От В. Топоркова режиссер, в связи с общим решением сцены, просит не раскаяния филера, а образа Иуды Искариотского. Он подсказывает актеру «физическое самочувствие человека, который не знает, как вырваться из того, что его сосет, гнетет», и развертывает внутренний монолог совестливого соглядатая: «Вот тот (это Битков о Тургеневе. — А. С.) сидит, плачет над ним, у него на душе спокойнее, радостнее. А я не знаю, куда деваться». И дальше движение монолога, его развитие: «Чем больше пьет, тем больше в себя уходит. „Мозжит“ — это не слезы, а выковыривание души».

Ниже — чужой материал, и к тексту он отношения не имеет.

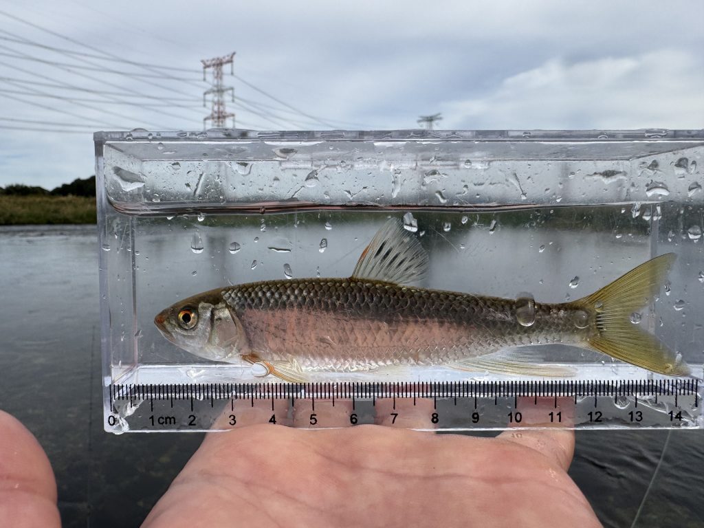 初めて生で見るオイカワは時期的に婚姻色のような派手さこそ無いものの、銀ピカの体色に薄っすらと空色、

Перед самой сдачей спектакля возникла дискуссия о том, можно ли на такой ноте закончить спектакль о Пушкине. «Выковыривание души» многим казалось крайне сомнительным для апофеоза. Аргумент, который в связи с этим выдвигался, был по-своему неотразим: «Если бы этот спектакль шел так и кончался так, когда зрители выходили бы на ярко освещенную улицу, — это одно, — передавал В. Станицын общее мнение, — а в теперешние дни нельзя так кончать спектакль». Возникло заманчивое предложение товарищей, смотревших репетицию: «Вот Пушкина увезли, а Качалов читает великолепные пушкинские стихи: Пушкин живет до сегодняшнего дня».

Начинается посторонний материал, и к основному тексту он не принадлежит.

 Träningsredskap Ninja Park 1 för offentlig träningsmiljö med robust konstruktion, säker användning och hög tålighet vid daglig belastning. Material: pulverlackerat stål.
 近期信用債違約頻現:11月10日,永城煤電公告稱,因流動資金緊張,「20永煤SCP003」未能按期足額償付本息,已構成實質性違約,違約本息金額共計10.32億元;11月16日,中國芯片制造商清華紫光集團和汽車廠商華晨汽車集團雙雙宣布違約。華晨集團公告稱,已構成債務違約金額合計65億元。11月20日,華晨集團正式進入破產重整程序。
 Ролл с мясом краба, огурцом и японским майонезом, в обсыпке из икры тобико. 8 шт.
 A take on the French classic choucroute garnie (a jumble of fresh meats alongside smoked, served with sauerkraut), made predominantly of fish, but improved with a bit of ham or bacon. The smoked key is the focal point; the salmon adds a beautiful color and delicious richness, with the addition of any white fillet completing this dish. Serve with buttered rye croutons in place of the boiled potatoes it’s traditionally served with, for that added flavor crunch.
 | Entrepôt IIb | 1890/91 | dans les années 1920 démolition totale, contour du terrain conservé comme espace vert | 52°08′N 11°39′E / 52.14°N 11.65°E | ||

Булгакова уже нет на свете, возразить он не может. Возражает Немирович-Данченко в какой-то усталой интонации: «Дважды два — четыре, дважды шестнадцать — тридцать два». А потом терпеливо внушает: «Надо великолепно сделать эту картину. ‹…› После этого (монолога Биткова. — А. С.) — чтение — это как-то дешево. Как бы ни было мрачно… все равно само искусство радостное и захватывающее, захватывающе-радостное». Немирович вспоминает «Катерину Измайлову», шекспировские пьесы с горами трупов в финалах, «Гамлета», над которым он думал и работал тогда, и определяет с исчерпывающей ясностью: «Радость имеется в самом искусстве».

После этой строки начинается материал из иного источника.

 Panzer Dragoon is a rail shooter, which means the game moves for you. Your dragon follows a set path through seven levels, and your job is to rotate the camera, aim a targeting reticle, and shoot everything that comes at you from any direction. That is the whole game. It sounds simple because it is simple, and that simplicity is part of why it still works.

Судя по документам, это объяснение не успокоило. На последней генеральной у Биткова все же отняли пушкинские стихи и передали их Тургеневу, как более прогрессивному и достойному. Один осторожный человек даже похвалил непрошеных соавторов Булгакова: «Вы хорошо поступили, что пушкинские стихи передали Тургеневу, а не оставили у Биткова. Тут надо поступиться правами автора».

Немирович-Данченко поступаться правами покойного автора не стал. 7 апреля, выступая на обсуждении, Владимир Иванович прямо скажет о том, что от «официального оптимизма» театр отказался, считая для себя невозможным идти нехудожественным путем. Театр доверился Булгакову. В. Топоркову вернули пушкинские стихи, и не ошиблись в этом. На протяжении шестнадцати лет жизни спектакля на мхатовской сцене возникал финал, очищавший душу страхом и состраданием. Человек, погруженный в «нистожество», под завывание метели за окном постигал механику судьбы поэта и пытался отгородиться от вечного позора и проклятия, которое почудилось ему в голосе разбушевавшейся стихии. Сдавленным рвущимся шепотком Битков косноязычно объяснял и извинялся: «А в тот день меня в другое место послали, в среду-то… Я сразу учуял, — один чтобы. Умные, знают, что сам придет, куда надо!» — Сделав большую паузу и не сумев подыскать никакого иного объяснения случившемуся, Битков толковал по старинке: «Потому как пришло его время», а потом в порыве безграмотного вдохновения упивался ладом и музыкой простых строк. Пушкинский голос то спорил с бесовским шабашем метели за окном, то отвечал снежной пустыне, окружавшей дом смотрителя.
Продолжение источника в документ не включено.